期間Steam取引による推定売上高前期比
2026年上半期(H1 ’26)111億ドル+7.8%
2025年下半期(H2 ’25)103億ドル+6.2%
2025年上半期(H1 ’25)97億ドル+5.4%
2024年下半期(H2 ’24)92億ドル+15.0%
2024年上半期(H1 ’24)80億ドル+19.4%
2023年下半期(H2 ’23)67億ドル+4.7%
2023年上半期(H1 ’23)64億ドル+10.3%
2022年下半期(H2 ’22)58億ドル

通常、ゲーム市場は年末商戦とウィンターセールがある下半期のほうが強いですが、それを上半期が上回っているのは異常事態。

さらに記事では10年前との比較もあります。驚異的なのが2026年の上半期だけで、コロナ禍で全世界が家にこもっていた2020年の年間売上を超えています。成長曲線としては異常です。

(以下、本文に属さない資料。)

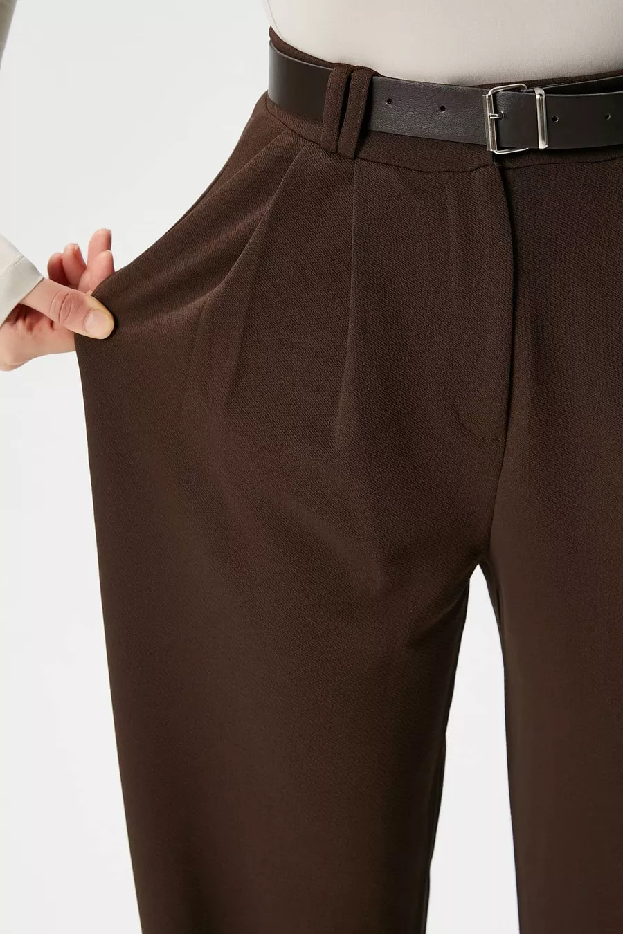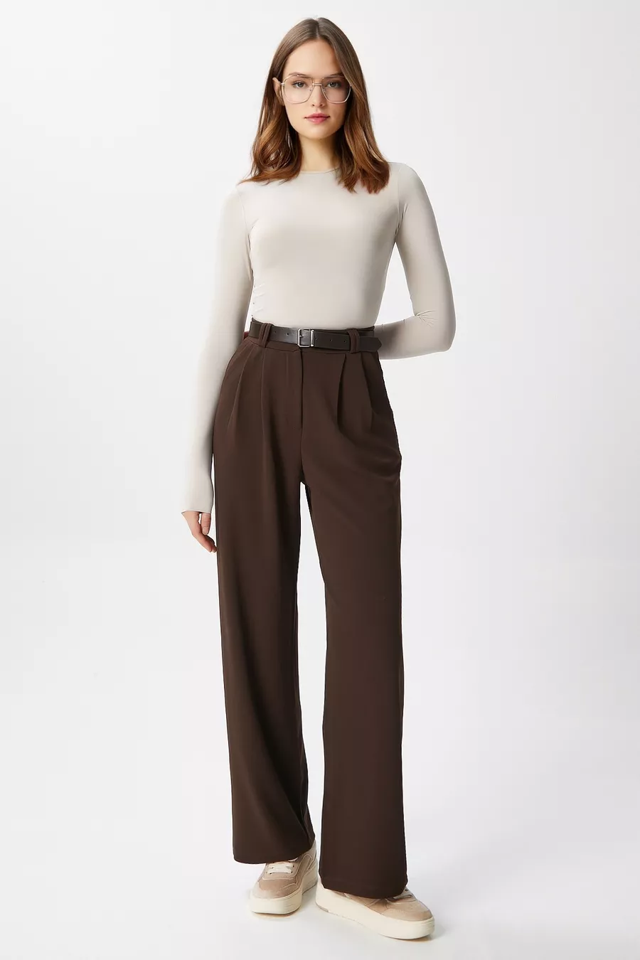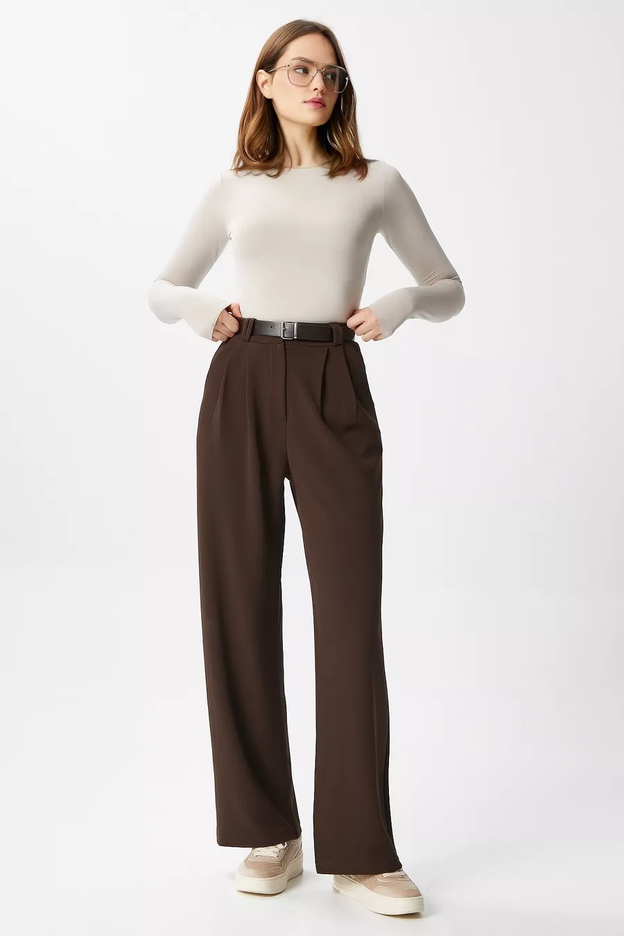 Pantalon Palazzo marron stretch pour femme Rena à ceinture

引用元:https://alineaanalytics.substack.com/p/steam-is-having-another-record-year

売上の8割は「新作以外」

もう一つ、レポートで目を引いたのがこの数字です。

その年の新作が占める売上比率
2026年上半期21%
2025年上半期27%
2024年上半期29%

売上の79%は、過去に発売された旧作が稼いでいます。

理由はシンプルで、Steamには10年以上ぶんの名作が、セールで数百円〜数千円で常時並んでいるからです。新作は「今年の他の新作」ではなく「歴代の名作全部」と競争させられます。

グラフィックの進化が緩やかになり、2021年のゲームと2026年のゲームの見た目の差が体感しづらくなってきたことも、この流れを後押ししています。プレイヤーからすると選択肢が増えて嬉しい話ですが、新規IPを出す開発側にとってはかなり厳しい環境です。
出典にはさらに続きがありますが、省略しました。